Your task is to write out the entire listing exactly, omitting its pictures.

Source material:
--- --- ---
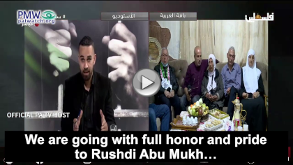 Official PA TV host: “We will be with one of the great ones of the homeland… the family of the prisoner who spent 35 years in the darkness of the prisons…that is prisoner Rushdi Saleh Abu Mukh (i.e., terrorist, involved in murder of 1)… We are going with full honor and pride to Rushdi Abu Mukh…“
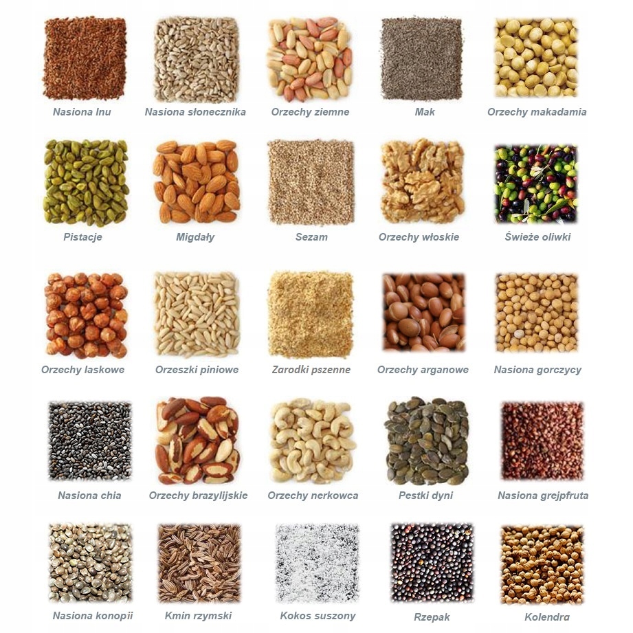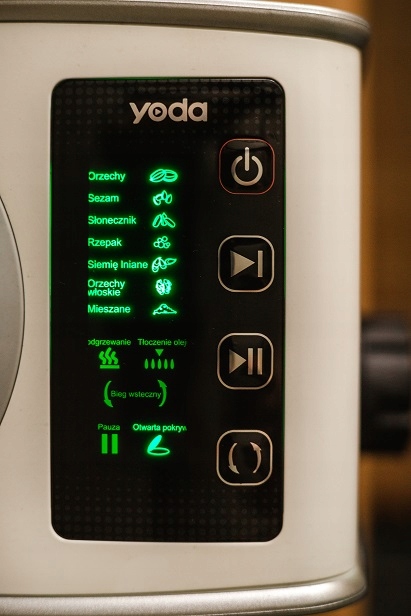 Yoda має сім програм віджиму: горіхи, кунжут, соняшник, рапс. , Лляне насіння, волоський горіх, інше. Вони відрізняються температурою валу дроблення та силою дроблення, адаптованою до специфіки екструдованих продуктів. Все, що вам потрібно зробити, це вибрати програму, адаптовану до вибраного інгредієнта, і процес пресування почнеться автоматично. Йода добуватиме олію з насіння соняшнику, гарбуза, арахісу, волоських горіхів, фундука, макадамії, кунжуту, льону, чіа - іспанської шавлії, коноплі, кокоса, сирих оливок та багатьох інших.
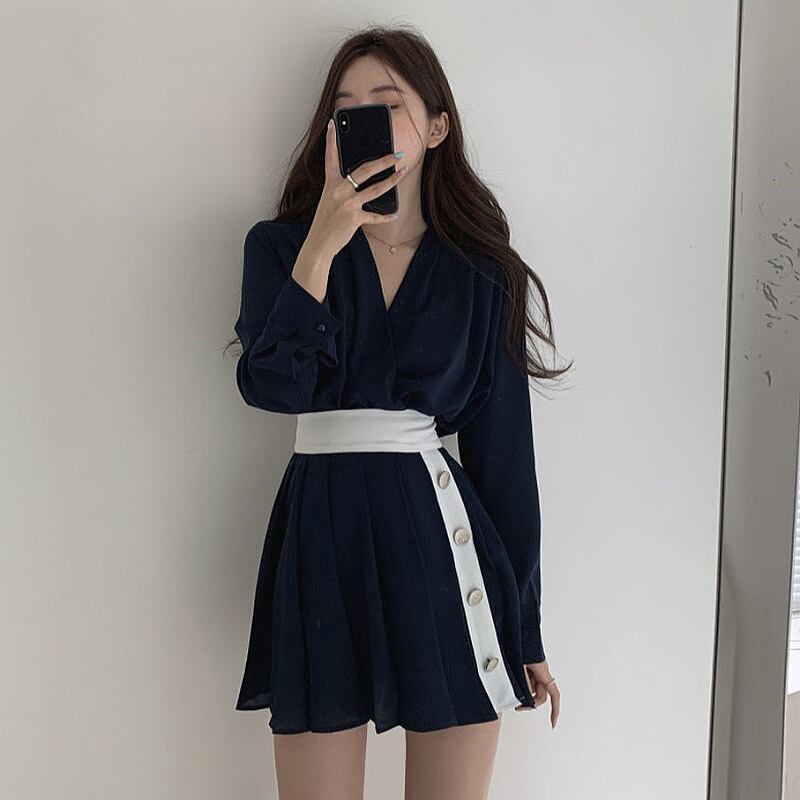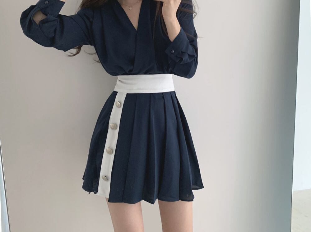 シックな夏のフレンチレトロVネックルーズ長袖シャツ+コントラストハイウエストボタンプリーツスカートメス 韓国婦人43357488327
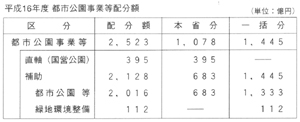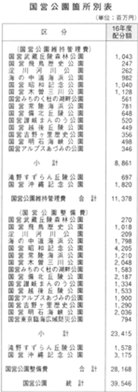 平成16年 国営公園箇所別表 都道府県別配分額 |
--- --- ---
Response below:
 Official PA TV host: “We will be with one of the great ones of the homeland… the family of the prisoner who spent 35 years in the darkness of the prisons…that is prisoner Rushdi Saleh Abu Mukh (i.e., terrorist, involved in murder of 1)… We are going with full honor and pride to Rushdi Abu Mukh…“
 Yoda має сім програм віджиму: горіхи, кунжут, соняшник, рапс. , Лляне насіння, волоський горіх, інше. Вони відрізняються температурою валу дроблення та силою дроблення, адаптованою до специфіки екструдованих продуктів. Все, що вам потрібно зробити, це вибрати програму, адаптовану до вибраного інгредієнта, і процес пресування почнеться автоматично. Йода добуватиме олію з насіння соняшнику, гарбуза, арахісу, волоських горіхів, фундука, макадамії, кунжуту, льону, чіа - іспанської шавлії, коноплі, кокоса, сирих оливок та багатьох інших.
 シックな夏のフレンチレトロVネックルーズ長袖シャツ+コントラストハイウエストボタンプリーツスカートメス 韓国婦人43357488327
 平成16年 国営公園箇所別表 都道府県別配分額 |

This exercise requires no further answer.